Try it:
When you return the lines below, go from the first through the line with "2021년 7월 강북데이케어센터 가정통신문입니다.", keep them exact, and leave out every picture.
**** Given data
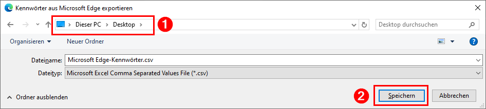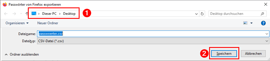 - Einen passenden Datei-Speicherort auswählen (1) und den Export mit „Speichern“ (2) abschließen:
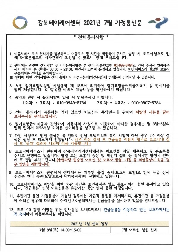2021년 7월 강북데이케어센터 가정통신문입니다.
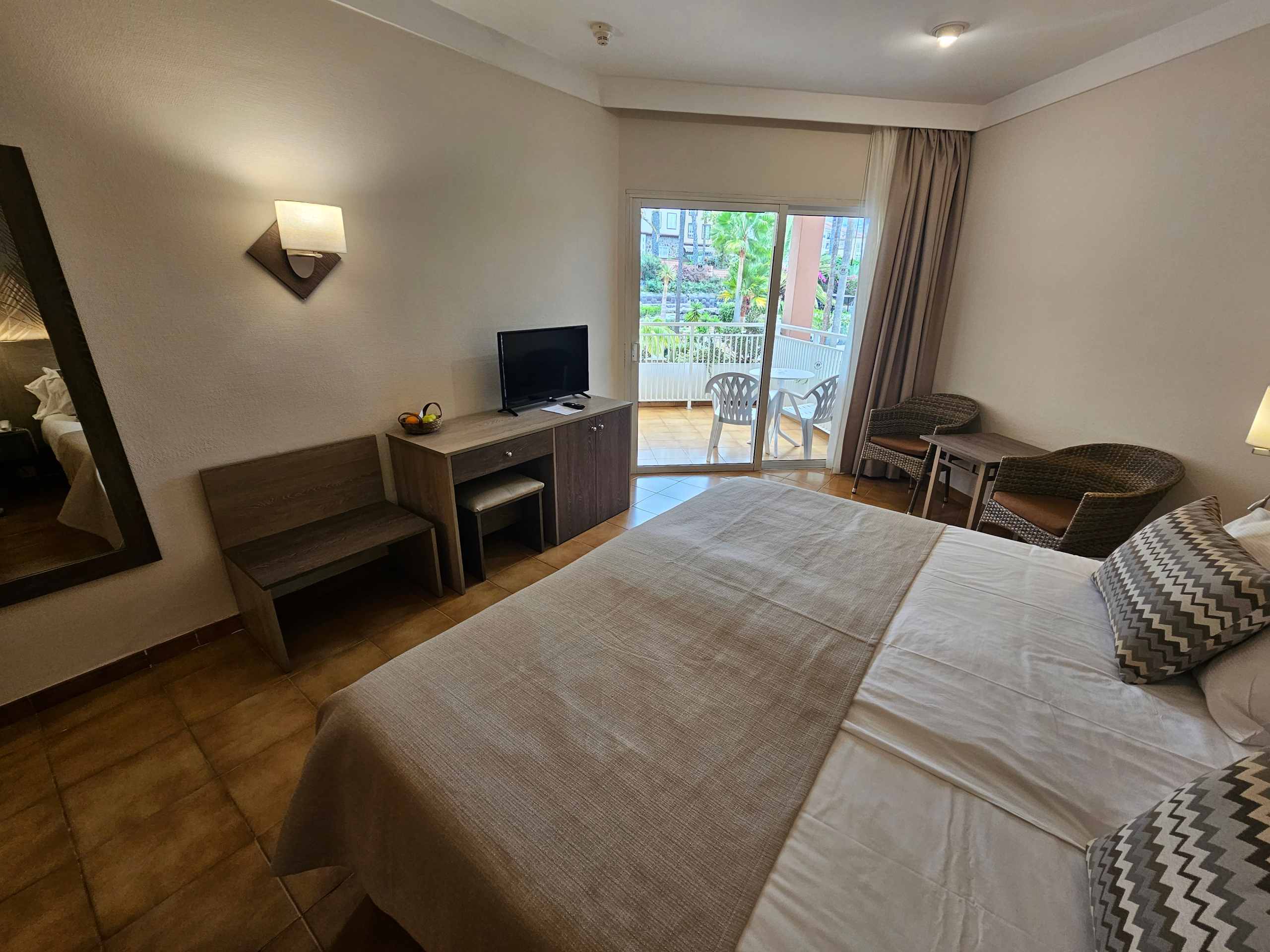 My room was located above the restaurant but had a nice pool view which faced Teide when visible. The room was a great size and had everything i needed including a free to use fridge with complimentary water on arrival. There was also a safe for hire from reception.
********
Answer to the exercise:
 - Einen passenden Datei-Speicherort auswählen (1) und den Export mit „Speichern“ (2) abschließen:
2021년 7월 강북데이케어센터 가정통신문입니다.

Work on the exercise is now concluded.